2025-04-20 コメント投稿する ▼
「遅すぎた保守回帰」──高市早苗氏に見切りをつける保守層の静かな離反
遅すぎた「保守回帰」――高市早苗氏に見切りをつけた保守層
ドナルド・トランプ米大統領が突如発表した対日「相互関税」に、日本の政界が揺れている。自動車産業をはじめとする日本の基幹産業が打撃を受けかねないこの措置に、石破茂首相は顔色を失い、急きょ赤沢亮正経済再生相をワシントンへ派遣。なんとか回避を図るが、関税の行方はいまだ不透明だ。
そんな騒動のさなか、急に存在感を高めてきたのが、自民党の高市早苗衆院議員だ。昨年の総裁選では“女性初の首相候補”として注目を集めたが、敗北以降は沈黙を守っていた。その高市氏が、ここへきて突如「ジャパンファースト」を叫び、石破首相への批判を強めている。
「日本も本気を見せるべきだった」「上等だ、製造業は国内にとどめよ」といった発言は、保守層の心をくすぐるものだ。しかし――その声があまりに遅すぎた、というのが多くの有権者の本音だ。
保守層の間に広がる“失望”
高市氏は、4月3日に開かれた「保守団結の会」に参加し、石破政権を痛烈に批判。「陣頭指揮をとっている人物が見えてこない」と語ったほか、出席した保守系議員からは「石破では参院選は戦えない」との声も飛び出した。
だが、その場の熱気とは裏腹に、保守支持層からは厳しい声が聞こえる。「選挙が終わった後に“保守の顔”をしても遅い」「あの沈黙期間にすべてが決まった」。ネット上や地域の後援会でも、高市氏にかつて期待していた層が、すでに見切りをつけ始めている。
特に痛かったのは、昨年の総裁選での「靖国神社に今後も参拝する」との発言。筋は通っていたが、中国などとの外交リスクを懸念した議員が次々と支持を取り下げ、最終的に石破氏に票が流れた。あの時の傷が、今も尾を引いている。
保守票は「他党」へ分散
高市氏の背景には、日本会議をはじめとする保守系団体の存在がある。確かにその影響力は強く、支持基盤としては無視できない。しかし、最近では「日本会議中心の政治は行き過ぎだ」という声も党内外で増えており、無党派層や中道の有権者は離れつつある。

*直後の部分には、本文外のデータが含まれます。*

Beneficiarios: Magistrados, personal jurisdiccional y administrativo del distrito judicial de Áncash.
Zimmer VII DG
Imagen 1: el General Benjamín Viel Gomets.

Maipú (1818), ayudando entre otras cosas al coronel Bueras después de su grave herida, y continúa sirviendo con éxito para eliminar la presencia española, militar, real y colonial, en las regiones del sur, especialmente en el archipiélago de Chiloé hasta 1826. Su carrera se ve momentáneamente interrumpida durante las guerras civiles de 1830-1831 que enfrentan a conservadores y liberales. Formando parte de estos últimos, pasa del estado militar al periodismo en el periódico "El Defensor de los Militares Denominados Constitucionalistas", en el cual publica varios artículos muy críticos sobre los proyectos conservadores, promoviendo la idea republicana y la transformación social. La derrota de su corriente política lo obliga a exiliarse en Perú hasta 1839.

その結果、一部の保守層は、すでに他党へと足を向けている。日本保守党のような新興政党に期待を寄せる人もいれば、地方議会レベルで新たな保守候補を支援する動きも出てきた。「かつては高市推しだったが、今は違う」。そんな声が静かに広がっている。
石破政権には“意外な評価”も
一方、石破政権は支持率こそ低迷しているが、少数与党というハンディのなかで、現実的な政権運営を続けている。国民民主党や維新の会と連携して予算を通すなど、「不器用に見えて、実は手堅い」という評価も出てきている。

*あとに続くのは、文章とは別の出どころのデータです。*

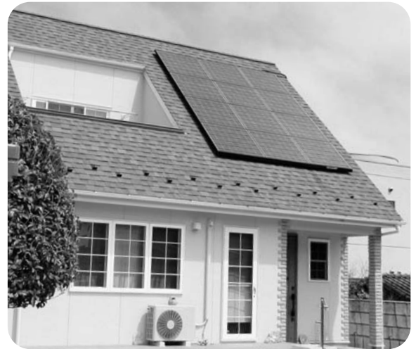
太陽光発電システムを設置した住宅

根本企画グループリーダー 現在、4月1日からの施行に向けて、広野町新エネルギーシステム設置費補助金要綱の整備作業に入っているところです。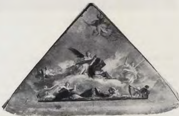
Fig. 3.—Panel pequeño lateral; a la izquierda de Adriano, el Tiempo y otras alegorías.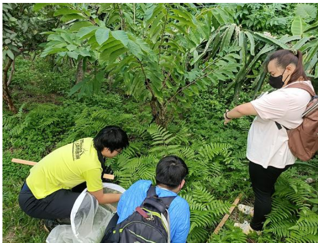
地被植物 覆蓋度、高度、優勢植物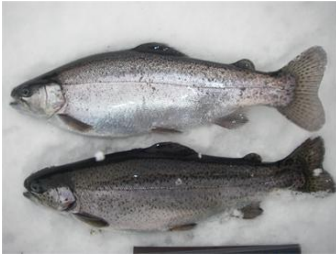
図1 ドナルドソン系ニジマス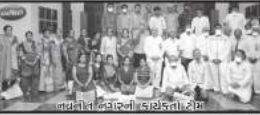
નવનીત નગરની કાર્યકર્તા ટીમ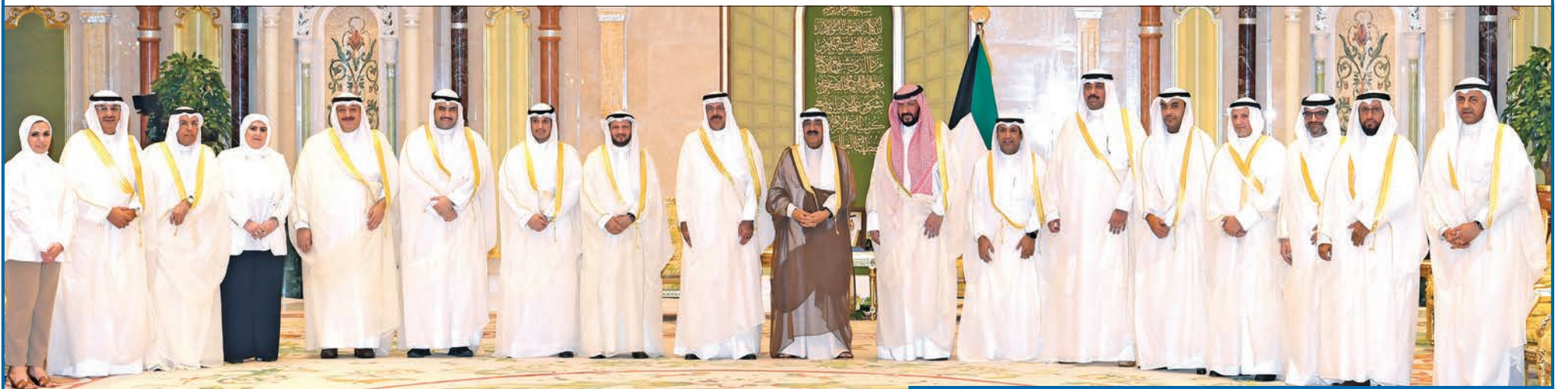
نائب الأمير متوسلاً رئيس الحكومة والوزراء عقب أداء اليمين الدستورية أمام سموه أمس

أحمد النواف والوزراء أدوا اليمين الدستورية أمام سموه

「石破さんは思わせぶりに“消費税下げるかも”と言いながら結局下げないとか、うまいよね」と話す党内関係者もいる。一時は“退陣論”まで飛び交ったが、最近は“案外やれている”と見る向きも増えている。
信頼を取り戻すには時間がかかる
高市氏が保守的な主張を強めること自体は、彼女の政治信条からすれば一貫している。しかし、その“声の上げ方”と“タイミング”が、かつての支持層には「自己保身のための演出」に映ってしまっている。

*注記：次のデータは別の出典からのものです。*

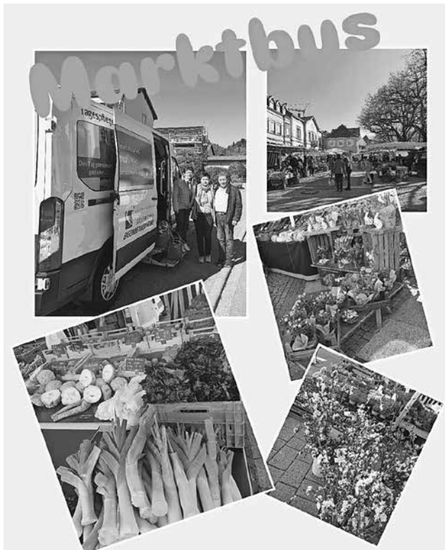
Impressionen unseres Marktbus-Ausflugs

Bitte beachten: Die Sitzplätze sind begrenzt!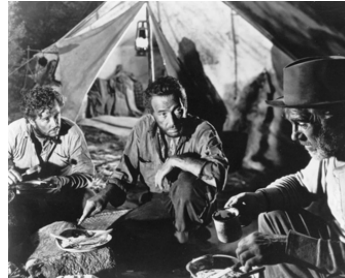
1948 LE TRÉSOR DE LA SIERRA MADRE de John Huston avec H. Bogart, Walter Huston

政治において最も難しいのは、一度離れた信頼を取り戻すことだ。高市氏が再び総裁候補として浮上するには、単なるパフォーマンスではなく、日頃の言動や行動の積み重ねが必要になる。だが、すでに多くの有権者は次の選択肢に目を向け始めている。
その時、高市早苗という名前が、どれだけの意味を持つだろうか。